Моня собрал глаза кучкой на переносицу, потрогал нос и улыбнулся:
– Разве я говорю: нет?
Представление закончилось распитием бутылочки белого сухого Real Forte. Майор милостиво разрешил по такому случаю и сам присоединился.
– Godbye! девчонки! Как мы тут скучаем без вас! – крикнул кто-то, когда они уходили.
Это было правдой. Этот кто-то сказал за всех нас.
***
В течение недели в лагере установилось относительное спокойствие, но нацгвардов это не устраивало. Каждый вечер они вколачивали нам, что мы на крючке у комендантского взвода а его задача воспитывать нас всеми возможными методами. Самый иезуитский способ заключался в следующем: они любили неслышно красться по дорожкам среди палаток или тайно подобраться к курилке. Особенно их раздражало, если откуда-то звучал смех.
– Хорошо живется паскудам! – беленились они, и казалось руки у них дрожали от негодования.
Тихо, обязательно тихо, воспитатель говорил, скорее, шептал под нос:
– Слава Украине!
Если мы не подскакивали и не рапортовали:
– Героям Слава, – возвращался и говорил, что вечером будет политинформация на плацу. Плац – это поляна за оружейкой. Политинформация – будут избивать, нещадно до членовредительства. В таких случаях лучше было падать. Пока нацгвард, не сбивал с ног, не успокаивался. Такая натура. Если кто-нибудь из куривших в курилке не приходил, все равно узнавали об этом и били всю палатку, где жил тот, кто не пришел. «Слава Украине – Героям Слава!» Это ты должен крикнуть даже ночью на автомате, когда бы тебя ни разбудили. «Слава Украине – Героям Слава».
– А что если колючей проволокой обмотать – сказал Гаврилов, – и боевых гадюк им запустить.
– Таки да… ну вот почему они, когда маленькими еще были, не сдохли? – соглашался Моня – Насколько в этом мире было бы меньше проблем и зла!
Я нашел минутку, позвонил домой:
– Привет мама! Как вы там? … Понятно. Мы уже в части. У нас все хорошо.

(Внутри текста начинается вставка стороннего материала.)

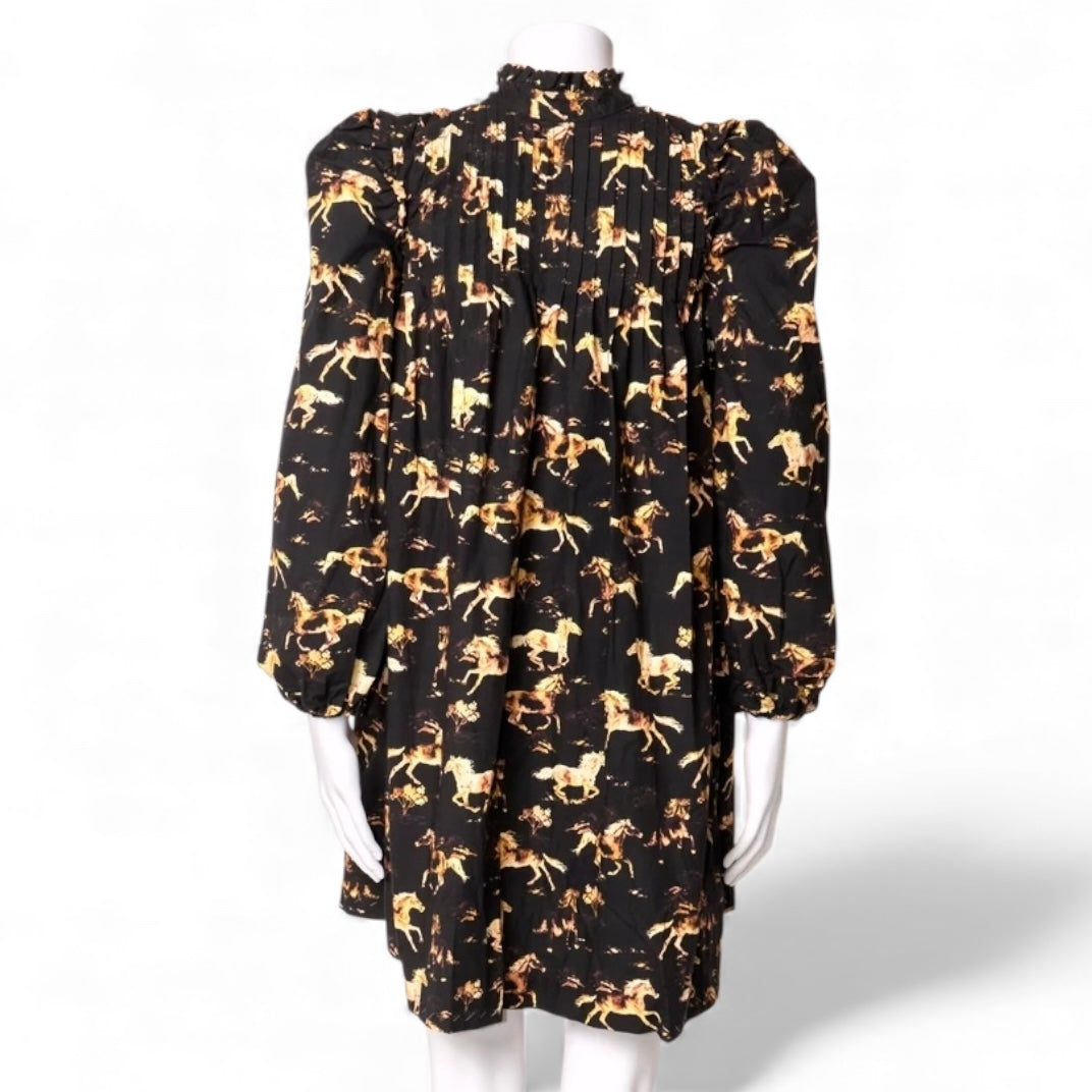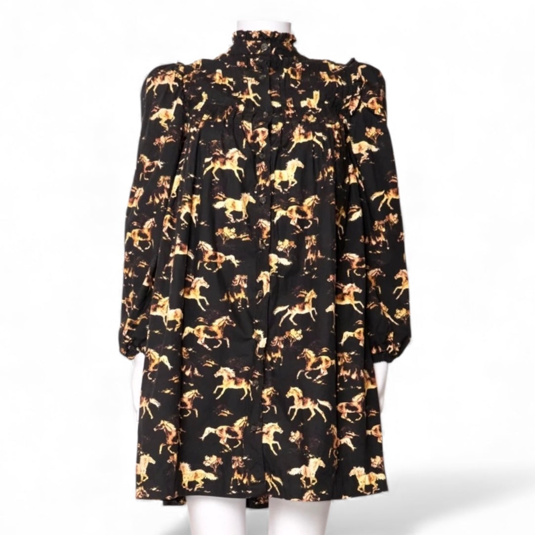 Ganni’s Ditte Reffstrup draws on childhood memories of watching Western films, captured on this blue dress with a galloping horse print. In tune with the label’s characterful aesthetic, it’s shaped to a smock silhouette with a ruffled neckline and features a pintucked bodice and voluminous balloon sleeves

Сегодня давали манную кашу. Это кошмар, ты знаешь, как я ее люблю. … Да, конечно. … Да, здоров. Может, даже поправился. Не курорт – но жить можно.
Время летело, свободных минут не оставалось, и это было хорошо. Если задумываться обо всем было бы тяжелее.
Один фрукт из нашей палатки, Козьменко, начал заигрывать с нацгвардами. Его часто наблюдали в их окружении. Он шестерил, оказывал им мелкие услуги, а перед нами напротив ходил с надменно брюзгливым выражением лица, неопределенно на что-то намекал. В конце концов, наша неразлучная команда, собралась его проучить. Подкараулили уклониста на выходе из туалета, накинули на голову его же одеяло и молча хорошо отвалтузили. Парня как подменили. Он оказался понятливый. Вновь стал как все, а нацгвардов стал избегать за километр.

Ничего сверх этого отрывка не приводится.